Праздник брачного ложа был назначен на полнолунье летнего солнцеворота, и Рахиль тоже признавалась, что с радостью ждала этого большого дня. Но на самом деле она была и явно печальна в последние перед свадьбой недели и тихо проливала слезы у щеки и плеча Иакова, не отвечая на его настойчивые расспросы ничем, кроме напряженной улыбки и покачиванья головой, настолько быстрого, что слезы отрывались от ее глаз; Что было у нее на сердце? Иаков не понимал этого, хотя и он тогда часто бывал печален. Печалилась ли она о своем девичестве, потому что кончалось время ее цветенья и она должна была стать деревом, которое приносит плоды? Это была, пожалуй, та печаль жизни, что вполне совместима со счастьем, та же печаль, какую в то время часто испытывал Иаков. Ведь брачная вершина жизни есть начало смерти и праздник поворота, когда луна вступает в день величайшей своей высоты и полноты и снова поворачивается лицом к солнцу, в которое потом и канет. Иакову предстояло познать ту, кого он любил, и начать умирать. Ибо отныне вся жизнь была уже не в одном Иакове, и он уже переставал быть единственным и одиноким владыкой мира; ему предстояло раствориться в своих сыновьях, а самому умереть. И все-таки он любил бы их, тех, кто нес бы его разделенную и разрознившуюся жизнь, потому что это была его жизнь, которую он, познавая, излил в лоно Рахили.

В то время ему приснился сон, надолго запомнившийся Иакову своей особой, примирительной и мирной печалью. Он видел его в теплую ночь месяца Таммуза, проводя ее в поле возле загонов, когда по небу, низкобокой ладьей, плыла уже та луна, которая должна была, разросшись до прекрасной округлости, освещать ночь блаженства. Иакову примерещилось, будто бегство его из дому не то продолжается, не то повторяется; будто он снова должен въехать в красную пустыню, а впереди него, лежевесно вытянув хвост, трусит рысцой остроухий, с головой пса, оглядывается и посмеивается; все это одновременно продолжалось и повторялось; не получив некогда настоящего развития, эта ситуация восстановилась, чтобы найти завершение.
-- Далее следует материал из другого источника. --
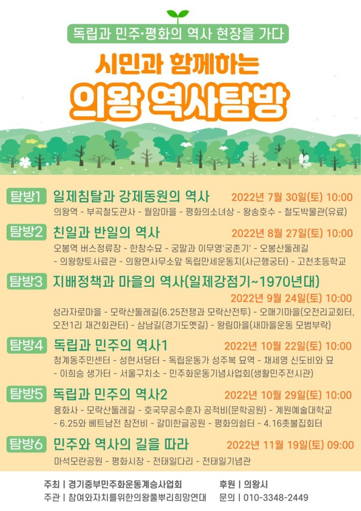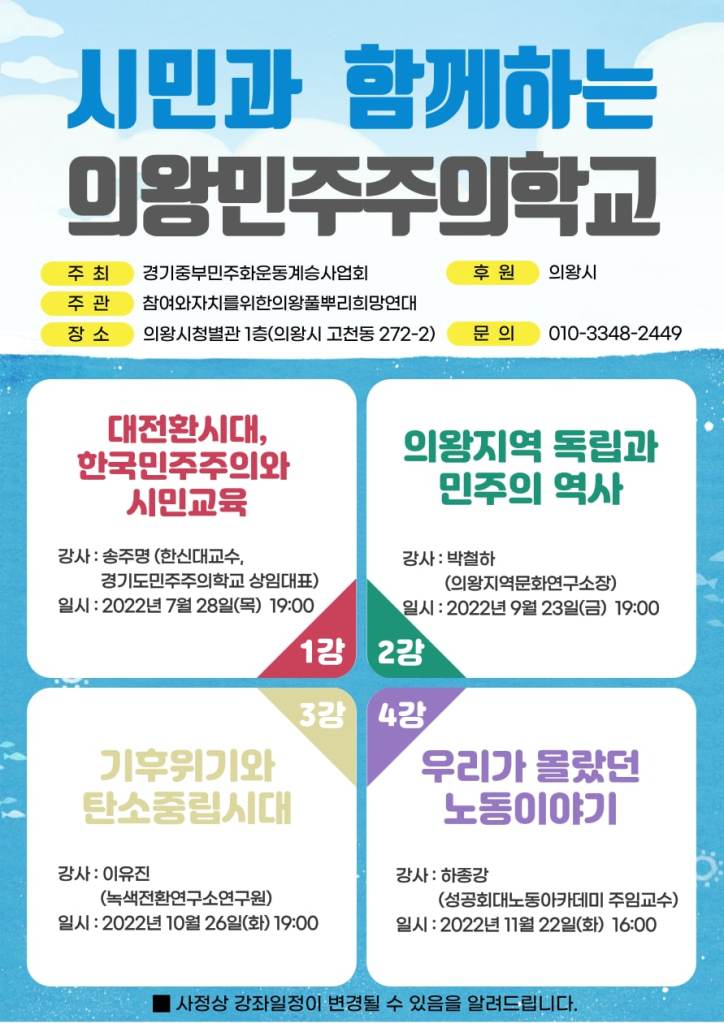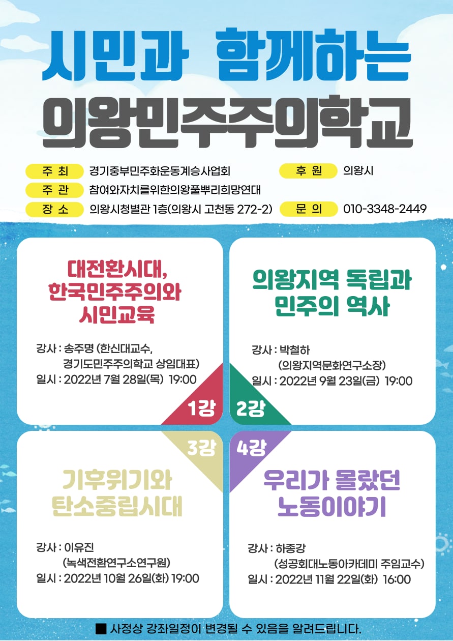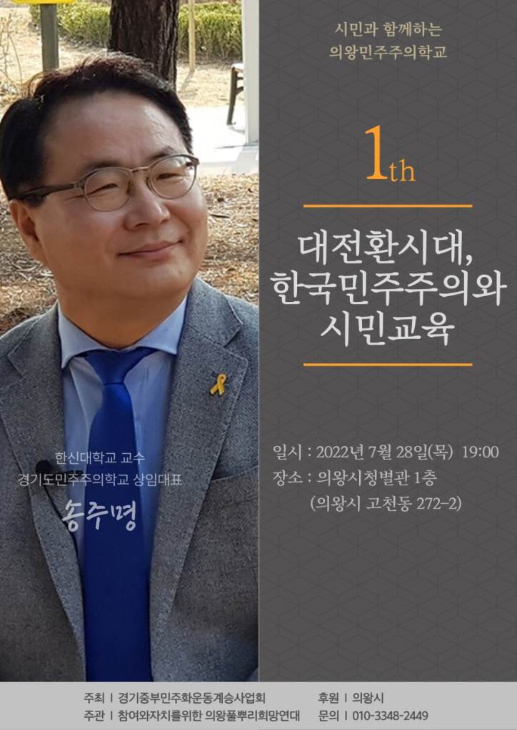 의왕 민주주의학교 allmytown2022년 8월 1일2022년 8월 1일소식 글 네비게이션 이전다음 경기중부민주화운동계승사업회에서는 의왕시의 후원을 받아 시민과 함께 하는 의왕민주주의 학교를 엽니다. 이 글 공유하기: X에 공유 (새 창에서 열림) X Facebook으로 공유하기 (새 창에서 열림) Facebook 좋아하기 가져오는 중... 관련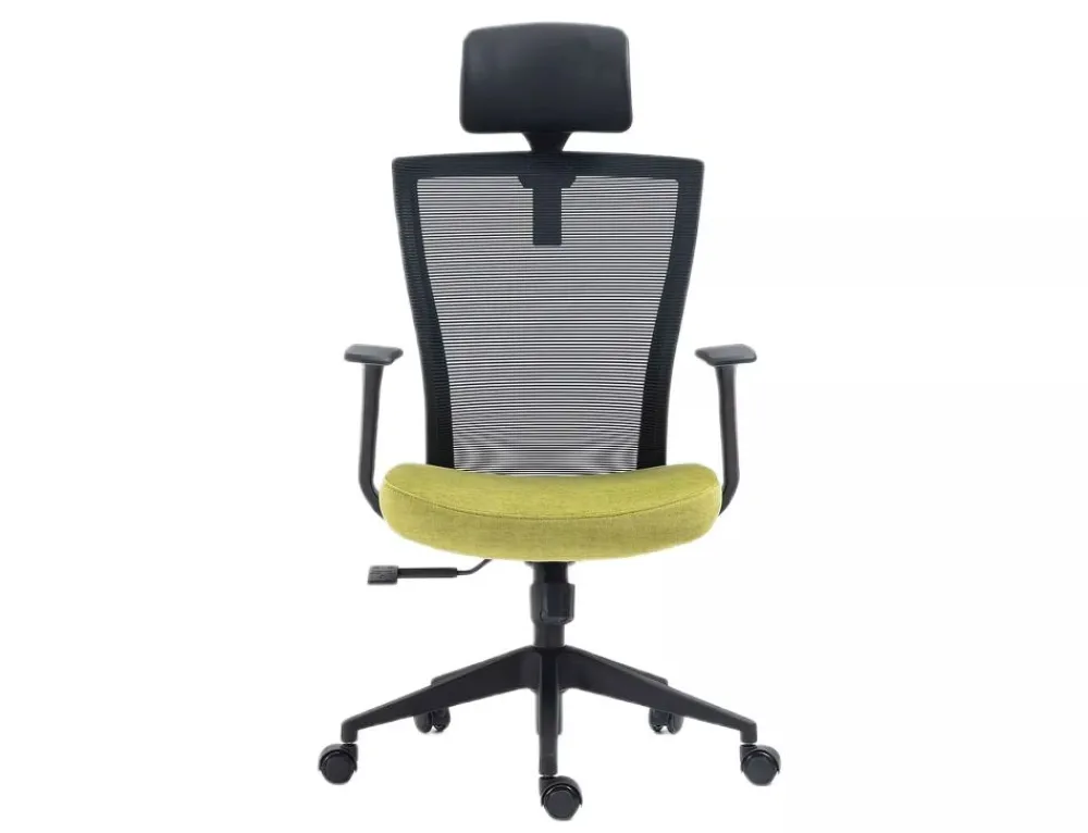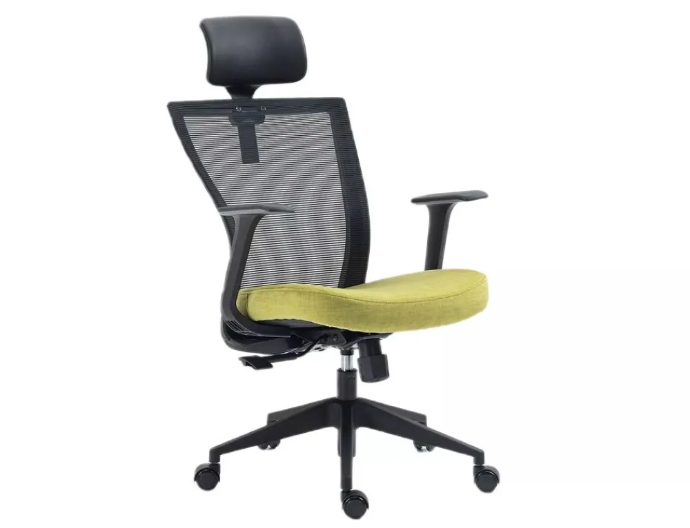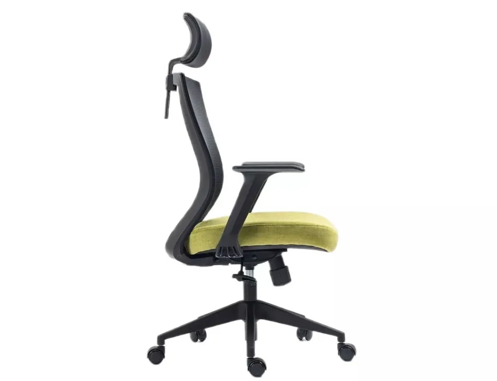 Fotel obrotowy, tkanina / siatka, kolor: zielony / czarny, stelaż tworzywo, kolor: czarny, multiblock, stałe podłokietniki, regulowany zagłówek.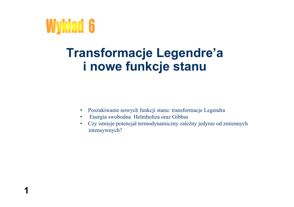 Transformacje Legendre’a i nowe funkcje stanu • • • 1 Poszukiwanie nowych funkcji stanu: transformacje Legendra Energia swobodna Helmholtza oraz Gibbsa Czy istnieje potencjał termodynamiczny zależny jedynie od zmiennych intensywnych? Z dotychczasowych rozważań wyodrębniliśmy 2 funkcje stanu: èèè D W praca nieobjętościowa dU = 2 ∂U ∂S dS + T = ∂U ∂S ∂U ∂V dV + , -p = ∂U ∂V ∂U ∂ xi dxi + ... , .... dU = TdS - pdV + Xi dxi + mj dNi i j S = S U, V, xi , N j dS = dS = 1 T 3 1 T dU + ∂S ∂U = p T dV - ∂U , T i ∂S dU + ∂S Xi ∂V p T = dxi - dV + ∂S ∂V mj , .... j ∂S ∂ xi T dNi dxi + ... U S, V, xi , Nj S U, V, xi , Nj TS - pV + = = SdT - Vdp + 1 T U + p T V - xi dXi + i i Xi xi Xi i T + xi - j m j Ni mj j T Ni Nj dmj = 0 j Problemy z energetyczną bądź entropową reprezentacją: •Ekstensywne parametry wewnętrzne układu odgrywają rolę niezależnych zmiennych stanu •Jest to przeciwieństwo praktyki, np. w laboratorium fizyki o wiele łatwiej mierzyć i kontrolować parametry intensywne, takie jak T czy p 4 Powstaje więc pytanie: Czy można tak przeformułować formalizm dla U bądź S, aby rolę parametrów niezależnych pełniły niektóre parametry intensywne, będące pochodnymi U (bądź S) np. ∂ U T = ∂S bądź -p = ∂U ∂V •Pytanie, które się pojawia można więc sformułować w następujący sposób: 5 Przypuśćmy, że y = y x0 , x1 , ..., xn df Xk = ∂y ∂ xk y= U lub S Czy pochodne można rozważać jako zmienne niezależne? tzn. Czy można znaleźć inne funkcje stanu (zależne od Xk ), bez straty informacji zawartej w fundamentalnej relacji y = y(….) Taki alternatywny opis mógłby potencjalnie uprościć analizę konkretnych problemów fizycznych. 6 Rozwiązaniem powyższego problemu jest technika tzw. Transformacji Legendre’a Dla prostoty rozważymy na początek funkcję jednej zmiennej niezależnej: y y= y x [x,y] X= x 7 dy dx y=y x ∫y x X ? Chwila refleksji pokazuje, że zwyczajne zastąpienie x przez X jest niedobre, bowiem tracimy matematyczną informację zawartą w oryginalnej funkcji. dy Z geometrycznego punktu widzenia znajomość X = dx nie pozwala zrekonstrułować wyjściowej krzywej. Powód: cała rodzina krzywych przesuniętych równolegle ma tą samą pochodną: y 8 x Rozwiązanie problemu otrzymamy zauważając, że krzywa na płaszczyźnie może być równie dobrze reprezentowana na dwa sposoby: (a) Jako zbiór punktów o współrzędnych [ x, y(x) ], bądź jako (b) obwiednia rodziny stycznych do krzywej y x 9 x, y ∫ X= dy dx , y (x,y) X= 0, y 10 dy dx î związek y = y X selekcjonuje podzbiór wszystkich możliwych prostych X, y, takich że ich obwiednia odtwarza oryginalną krzywą X, y ñ x, y y X y x (x,y) (0, y) dy dx 0, y dy dx =X = X= y-y x-0 , lub, rozwiązując na y y : transformacja Legendre' a 11 y = y - Xx Przykład Rozważmy parabolę. W reprezentacji x, y dana jest przez : y = 1 4 x2 Ta sama parabola w reprezentacji y dana jest przez X= dy = dx 1 2 x y = y - Xx = 2 y = -X 12 1 4 î x= 2X 2 x - Xx = 1 4 4 X2 - X ◊ 2 X = - X2 Przypuśćmy, że chcielibyśmy rozwiązać problem odwrotny: znając y = y X chcielibyśmy odzyskać y = y x y = y - Xx î dy = dy - X dx - x dX = - x dX X dx fi -x = dy dX Stosując zatem ponownie transformację Legendre' a : é y = y- X 13 dy dX odtwarzamy y î relacja pomiędzy x, y oraz X, y jest symetryczna ze względu na transformację Legendre' a z relacją = y - X -x = y + X x = y - X x + X x = y odwrotną. (Zadanie: proszę sprawdzić dla poprzednio omawianej paraboli, że istotnie tak jest) y = y x dy X = dx y = y - dy x = y - X x dx eliminacja x, y daje y = y X y = y X dy -x = dX dy y = yX = y - X -x = y + X x dX eliminacja X, y daje y = y x Uogólnienie na funkcje wielu zmiennych- trywialne; Tr. L. stosujemy sukcesywnie. 14 dy yXx X dx Utożsamimy obecnie fundamentalną relację y = y(x) np. z U = U S, V, xi , Nj dU = TdS - pdV + T.L. 15 i Xi dxi + j mj dNi S T : potencjał Helmholtza (energia swobodna Helmholtza) F U = U S, V, xi, Nj T = ∂U ∂S F = U - TS tr. L eliminuję U i S F = F T, V, x , N i j dF = dU - TdS - SdT = -SdT - pdV + ... F = F T, V, xi, Nj ∂F -S = ∂T U = F - T -S = F + TS eliminuję F i T U = U S, V, xi, Nj dU = dF + TdS + SdT + … = TdS - pdV Najbardziej znaną transformacją Legendre’a jest tr. F zastępująca V przez p. Prowadzi ona do potencjału Gibbsa lub energii swobodnej Gibbsa ( oznaczanej przez G) F = F T, V, xi, Nj dF = -SdT - pdV + Xi dxi + mj dNi i -p = j ∂F ∂V G = F - -p V = F + pV dG = dF + pdV + Vdp = -SdT + Vdp + Xi dxi + mj dNi i 16 j UWAGA: G można otrzymać z U jako tr. Legendre’a zamieniającą parę (S,V) na (T,p) [ G = F + pV = U –TS +pV] lub z entalpii zamieniając S na T (G = U – TS + pV = H – TS) Można definiować dalsze transformaty Legendre’a, np. ze względu na zmienne sprzężone: xi, Xi Każda z takich relacji dostarcza nowego potencjału termodynamicznego, w pełni równoważnego U bądź S. Podobne transformaty można oczywiście stosować do entropii – otrzymamy tzw. potencjały termodynamiczne Massieu 17 U S, V, xi , Nj TS - pV + = S U, V, xi , Nj = 1 T U + p T V - i Xi xi Xi i T xi - j m j Ni + mj j T Ni Czy istnieje potencjał termodynamiczny zależny jedynie od zmiennych intensywnych? y = y T, p, Xj , mk ? NIE!!! Sekwencja transformat Legendre’a zastosowana do U lub S prowadzi do: y = 0 18 dy = SdT - Vdp + xi dXi + Nj dmj = 0 rel. Gibbsa - Duhema i j 19 Entalpia H: Transformacja Legendre’a U zamieniająca V na p (jako zmienną niezależną) U = U S, V, xi, Nj TdS - pdV + Xi dxi + mj dNi dU = i -p = j ∂U ∂V H = U - V -p = U + pV eliminując U i V otrzymamy H = H S, p, xi, Nj dH = dU + pdV + Vdp = TdS + Vdp + ... 20 Niektóre funkcje stanu w naturalnych zmiennych i związane z nimi tożsamości krzyżowe (do analizy na ćwiczeniach) U = U S, V, N dU = TdS - pdV + mdN F = F T, V, N dF = -SdT - pdV + mdN 21 ∂ T ∂ p S, V = - ∂ V S,N ∂ S V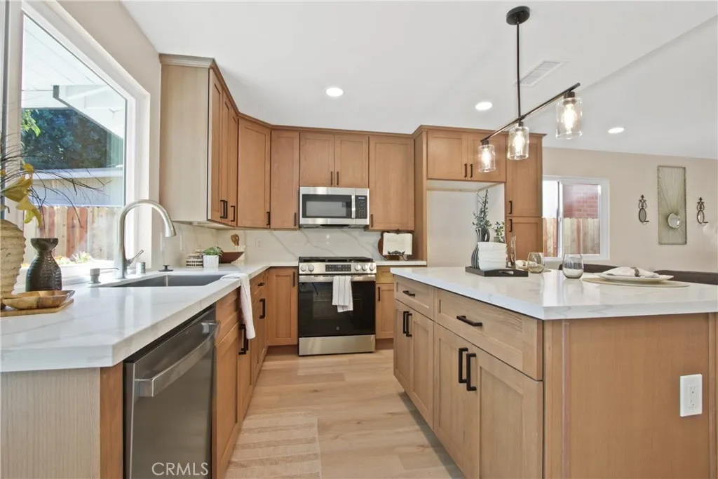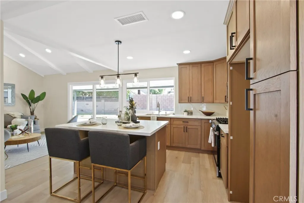 BACK ON MARKET! Buyer could not perform. Your second chance, this one wont last long! Welcome to 2717 Dayna Street, a stunning 4 bedroom 2 bathroom home that has been fully remodeled from top to bottom and sits in one of the most desirable neighborhoods on the border of Tustin and Orange. Step inside to find an open concept floor plan with vaulted ceilings, warm natural light, and beautiful new flooring throughout. The spacious kitchen features brand new cabinetry, quartz countertops, stainless steel appliances, and an oversized island perfect for entertaining. Both bathrooms have been completely redesigned with modern finishes and designer tile. The primary suite offers a serene retreat with a private ensuite bathroom showcasing a walk-in shower and elegant fixtures. Enjoy the seamless indoor outdoor flow through sliding doors that open to a large backyard, perfect for gatherings or relaxation. With easy freeway access and a prime location near Old Town Orange, shopping, dining, and award-winning schools, this move-in ready home combines comfort, style, and convenience. 6000 sq ft lot with a two car garage completes this ideal Southern California residence.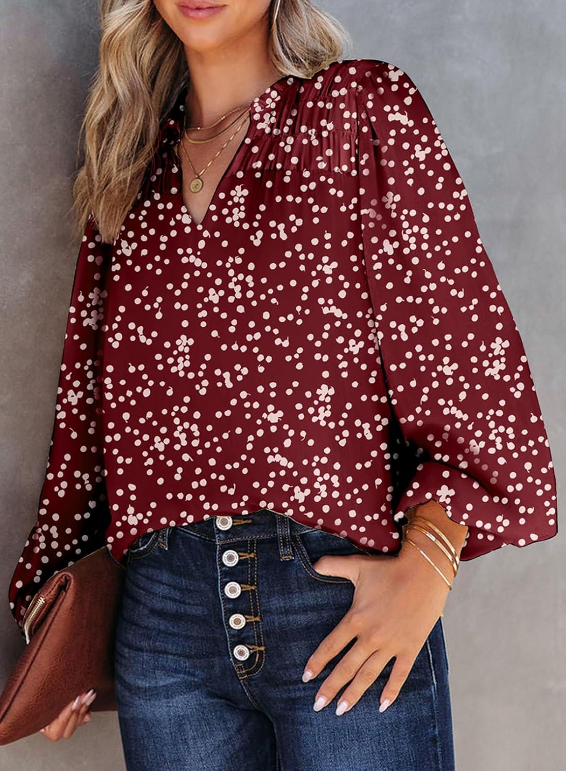 Dokotoo Women’s Casual V Neck Alicia Floral Print Smocked Long Sleeve Chiffon Blouses Bohemian Top Shirts(Biking Red)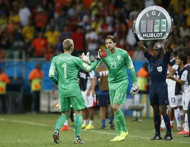 经验丰富的荷兰主帅路易斯·范加尔自然也深知这一点。于是,他在延长赛 赛即将结束前,用二号守门员克鲁尔换下了杆位守门员西莱森。在此之前,世界上历史上从未发生过这样的情形:二号守门员在罚球决胜 前被临时换上场,担任奇兵的角色。
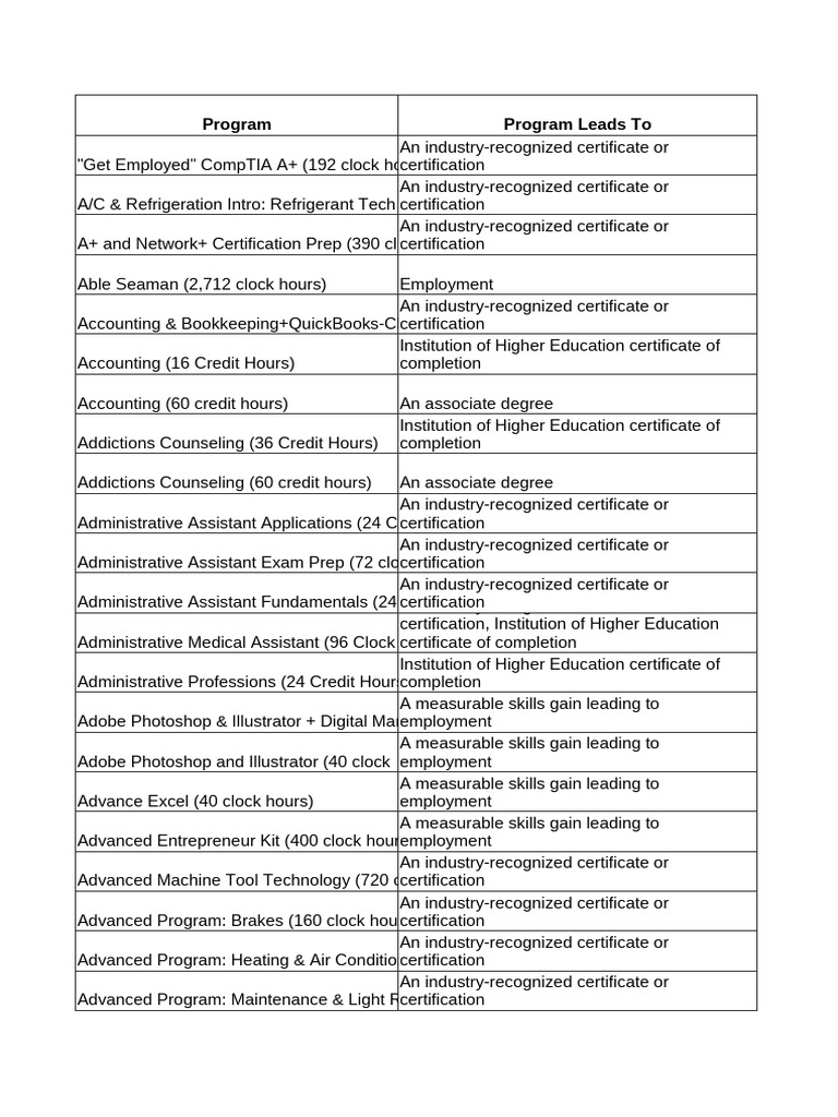 Maryland Eligible Training Provider List Approved Programs | PDF ...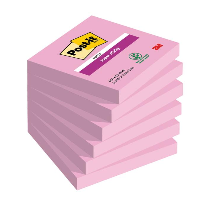 Bločky Post‑it® Super Sticky™ so špeciálnym lepidlom, vďaka ktorému držia aj na nerovnom povrchu. Po odlepení nezanechávajú stopy po lepidle. Farba ružová. Rozmery 76 x76 mm. Počet lístkov 6 x 90.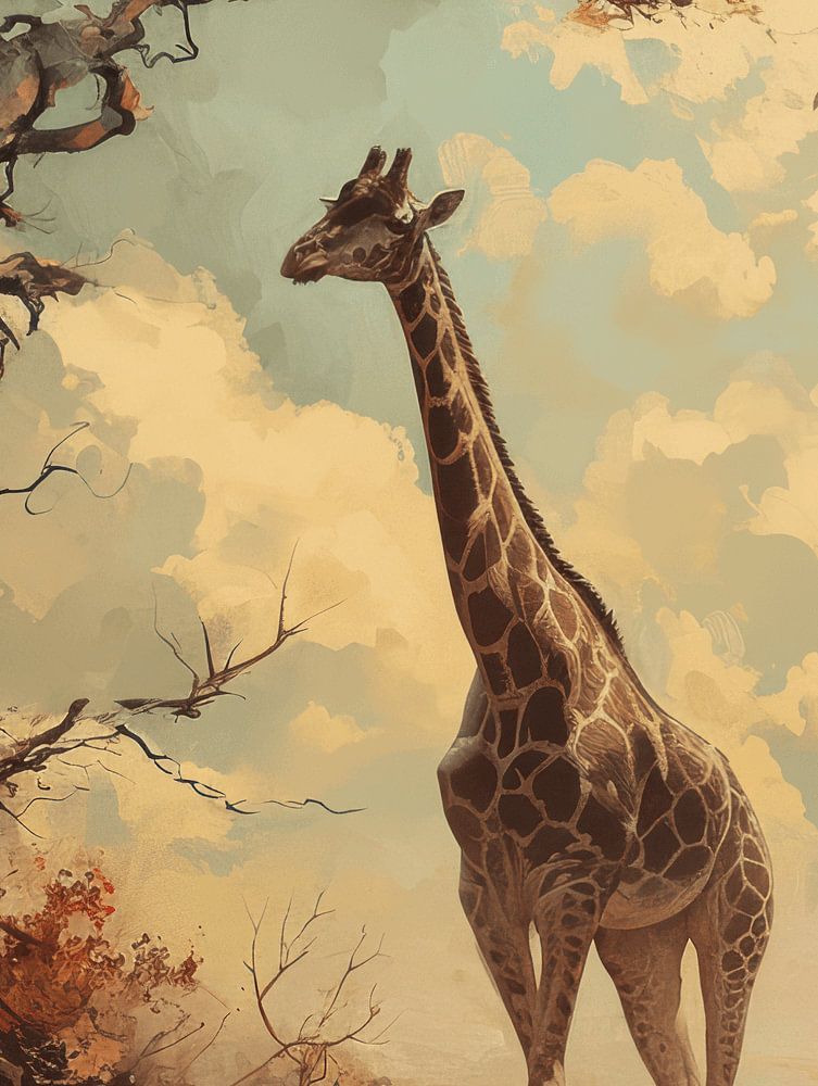 Een Giraffe in een surrealistisch landschap die rustig aan komt lopen. Mooi en zacht oranje en blauw.

Дорога Иакова была усеяна камнями-окатышами, и ничего, кроме сухого кустарника, кругом не росло. Нечистый зигзагами обегал валуны и кусты, исчезал за ними, показывался опять и оглядывался. Когда тот однажды исчез, Иаков прищурился. И только он прищурился, как это животное оказалось вдруг перед ним: оно сидело на камне и все еще было животным, если судить по его голове, скверной собачьей голове с навостренными ушами и клювообразно вытянутой мордой, оскал которой доходил до ушей; но тело, вплоть до почти незапылившихся пальцев ног, было у него человеческое и приятное для глаза, как тело тонкого и легкого пальчика. Он сидел на камне в небрежной позе, немного нагнувшись вперед, положив одну руку на бедро подтянутой к туловищу ноги, так что на животе над самым пупком у него образовалась складка, и вытянув перед собой, пяткой в землю, другую ногу. Эта вытянутая нога с изящным коленом и длинной, слегка выпуклой, тонкой голенью была всего приятней для глаз. Но уже на узких плечах, на верхней части груди и на шее у бога росли волосы, переходившие в глиняно-желтую шерсть песьей головы с широким разрезом пасти и маленькими, злобными глазками, головы, которая подходила к нему так, как может подходить безобразная голова к статному телу, каковое она печальным образом обесценивает, так что все это, нога и грудь, только могли бы быть миловидны, но при этой голове миловидны не были. К тому же, подъехав поближе, Иаков услышал во всей его остроте едкий шакалий запах, самым печальным образом исходивший от этого полупса-полумальчика. И уж совсем было печально и странно, когда тот раскрыл свою широкую пасть и заговорил надсадным, гортанным голосом:

— Ап-уат, Ап-уат.

— Не затрудняй себя, сын Усири, — сказал Иаков. — Я знаю, ты Ануп, проводник и открыватель дорог. Я удивился бы, если бы не встретил тебя здесь.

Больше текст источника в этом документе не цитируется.